Kaivalya
Toronto
The Secret Supper by Javier Sierra — 2 years ago
Master Leonardo, standing in the thrid row of the platform, kept a keen eye on everything and, from time to time, scribbled mysterious jottings in one of the notebooks he always carried with him. It seemed to me that he paid the same attention to the faces in the crowd as he did to the sound of Santa Maria’s organ, or to fluttering banners of different groups in attendance. Someone had told me that the previous afternoon he had fallen into ecstatic contemplation over the flight of four hundred pigeons released in the Piazza del Duomo, and that he had listened with rapt delight to the cannon blasts from the city walls that the papal nuncio had ordered in honor of the late dutchess. For Leonardo, everything merited attention, everything held within itself traces of the secret science of life. (page 135)
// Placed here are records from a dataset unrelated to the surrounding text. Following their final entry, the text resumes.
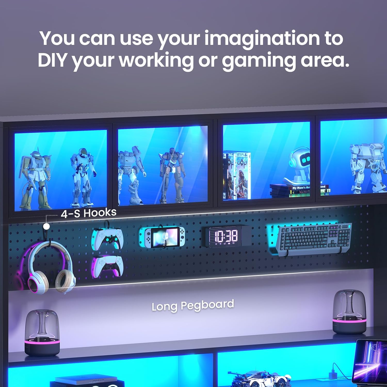 【Display Cabinet & Pegboard】Gaming desk comes with Display Cabinet and pegboard , provides ample space to display your decorations, photo albums, toys, and so on. The doors protect your items from dirt and ash and you can clearly see your decorations. Pegboard wall organizers make full use of wall space for the display and storage of small items. You can use your imagination to DIY your working or gaming area.
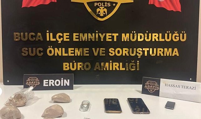 İzmir'in Buca ilçesinde, yarım kilodan fazla eroin ve hassas terazi ile yakalanan şahıs, çıkarıldığı mahkemece tutuklandı.Edinilen bilgiye göre, Buca İlçe Emniyet Müdürlüğü Narko Tim ekipleri zehir tacirlerine yönelik operasyonda 660 gram eroin ve hassas terazi ele geçirdi. Olayla ilgili yakalanan 1 şüpheli, 'uyuşturucu madde ticaretinden' çıkarıldığı mahkemece tutuklandı.
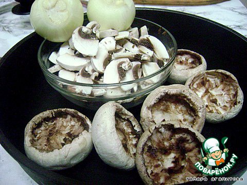 Шампиньоны почистить от внутренних перепонок, отрезать ножки и нарезать их.
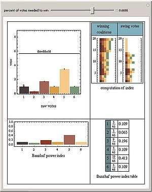 - Seth J. Chandler (2007), "Banzhaf Power Index", The Wolfram Demonstrations Project.
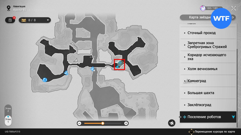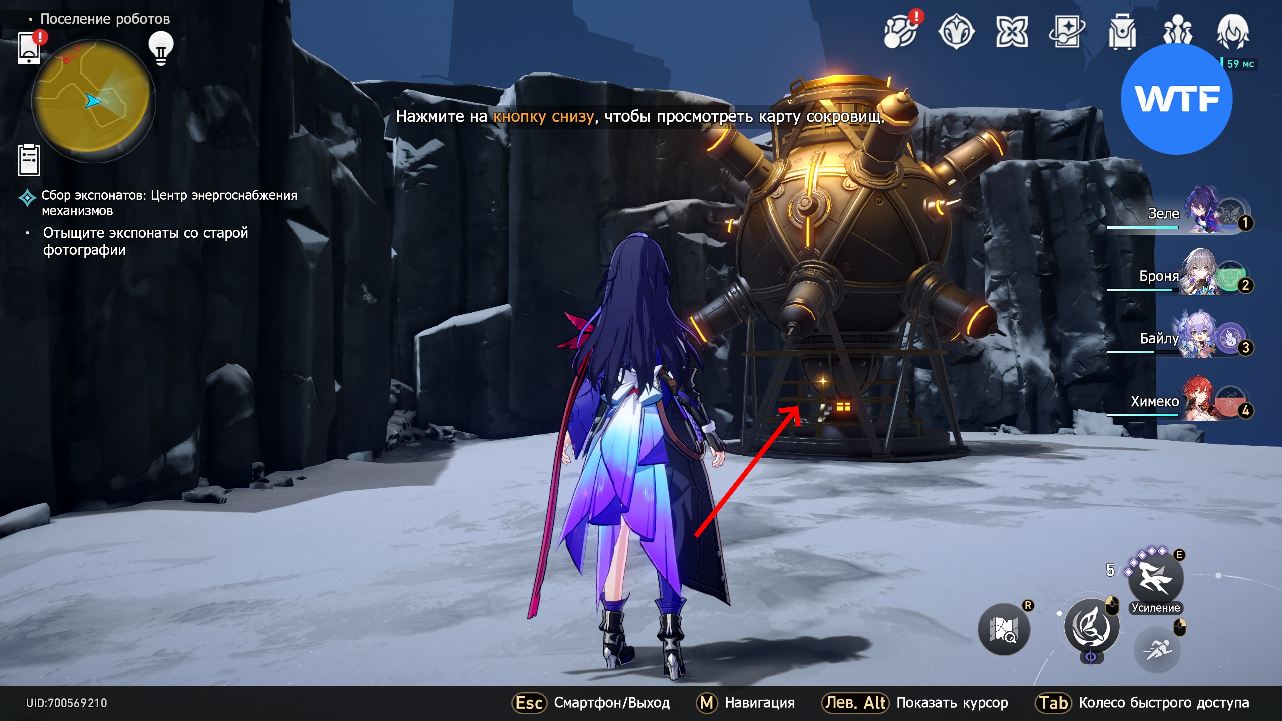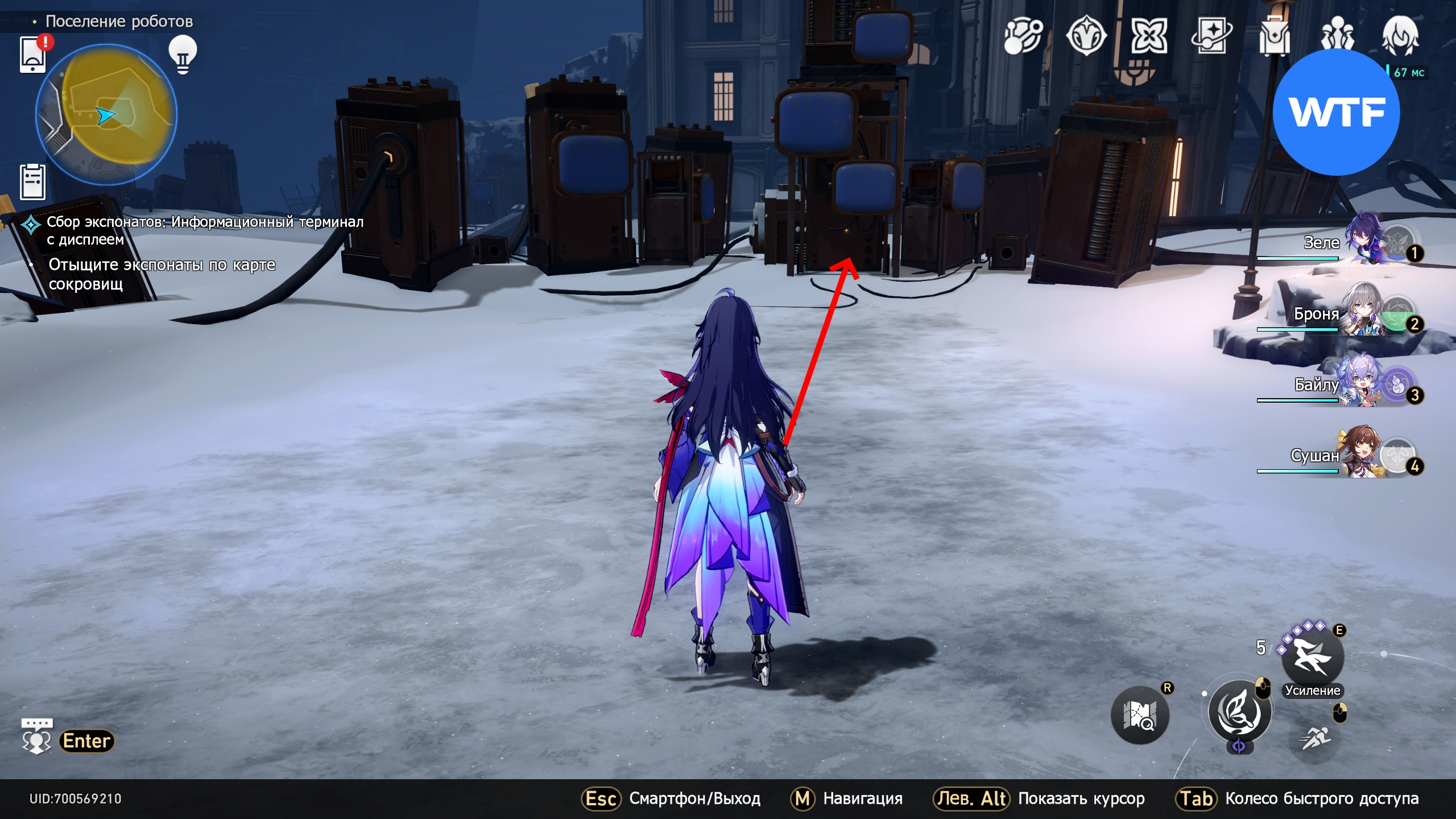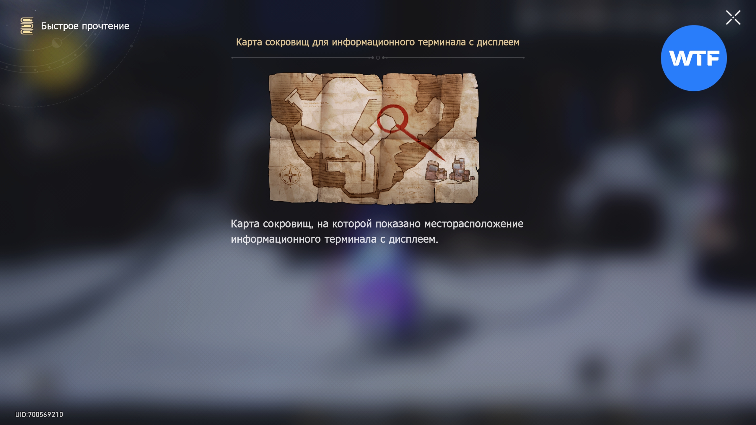Поговорите с Хультеном, чтобы получить от него потрепанную карту сокровищ, которая приведет вас к этому экспонату. После этого отправляйтесь в место, показанное на скриншоте ниже и взаимодействуйте с терминалом, подсвеченным звездочкой.

If the entire book reflected the quote above, I would have been entranced by this book. Sadly, it did not. The book is not about Leonardo Davinci so much as about a minor fictional figure named Father Agostino, a Papal Inquisitor who is investigating the possible heresy of use of symbols in Leonardo’s work.
In the media, this book was presented as a smarter alternative to The Davinci Code. Frankly, I liked The Davinci Code better and I’m not a great fan of Dan Brown.
The book is a foggy chaos of poorly developed characters, a scattered and complicated plot and vague details which, for the most part, went right over my head. The premise is fascinating but it ultimately fell flat. It didn’t help that I actively disliked the main character and found the author’s depiction of the ‘spiritual life’ of the monks of Santa Maria to be pretty bleak.
One positive observation: The author positively bashes the Catholic Church and everything it stands for. I enjoyed this angle of the book and the various historical elements.
But overall, the book fell flat for me. How much did I hate this book? I didn’t even finish it. I had a mere two more chapters to go and I just couldn’t do it.